Find the lines below holding the word "Zukertort" and copy each of them.

- INFORMATION PROVIDED
# # # # #
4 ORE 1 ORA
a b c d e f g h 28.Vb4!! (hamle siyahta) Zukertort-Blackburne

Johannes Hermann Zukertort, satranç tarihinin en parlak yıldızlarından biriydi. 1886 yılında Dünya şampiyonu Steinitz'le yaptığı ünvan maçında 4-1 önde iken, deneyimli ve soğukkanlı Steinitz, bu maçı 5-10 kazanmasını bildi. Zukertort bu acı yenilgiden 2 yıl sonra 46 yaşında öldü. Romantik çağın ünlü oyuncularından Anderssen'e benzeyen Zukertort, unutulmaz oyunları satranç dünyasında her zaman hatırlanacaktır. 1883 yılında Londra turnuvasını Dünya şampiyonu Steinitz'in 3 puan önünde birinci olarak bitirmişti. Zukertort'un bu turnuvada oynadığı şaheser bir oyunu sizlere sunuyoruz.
# # # # #
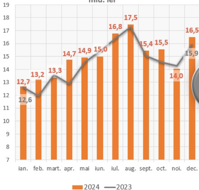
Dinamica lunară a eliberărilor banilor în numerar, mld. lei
# # # # #
- ANSWER
a b c d e f g h 28.Vb4!! (hamle siyahta) Zukertort-Blackburne
Johannes Hermann Zukertort, satranç tarihinin en parlak yıldızlarından biriydi. 1886 yılında Dünya şampiyonu Steinitz'le yaptığı ünvan maçında 4-1 önde iken, deneyimli ve soğukkanlı Steinitz, bu maçı 5-10 kazanmasını bildi. Zukertort bu acı yenilgiden 2 yıl sonra 46 yaşında öldü. Romantik çağın ünlü oyuncularından Anderssen'e benzeyen Zukertort, unutulmaz oyunları satranç dünyasında her zaman hatırlanacaktır. 1883 yılında Londra turnuvasını Dünya şampiyonu Steinitz'in 3 puan önünde birinci olarak bitirmişti. Zukertort'un bu turnuvada oynadığı şaheser bir oyunu sizlere sunuyoruz.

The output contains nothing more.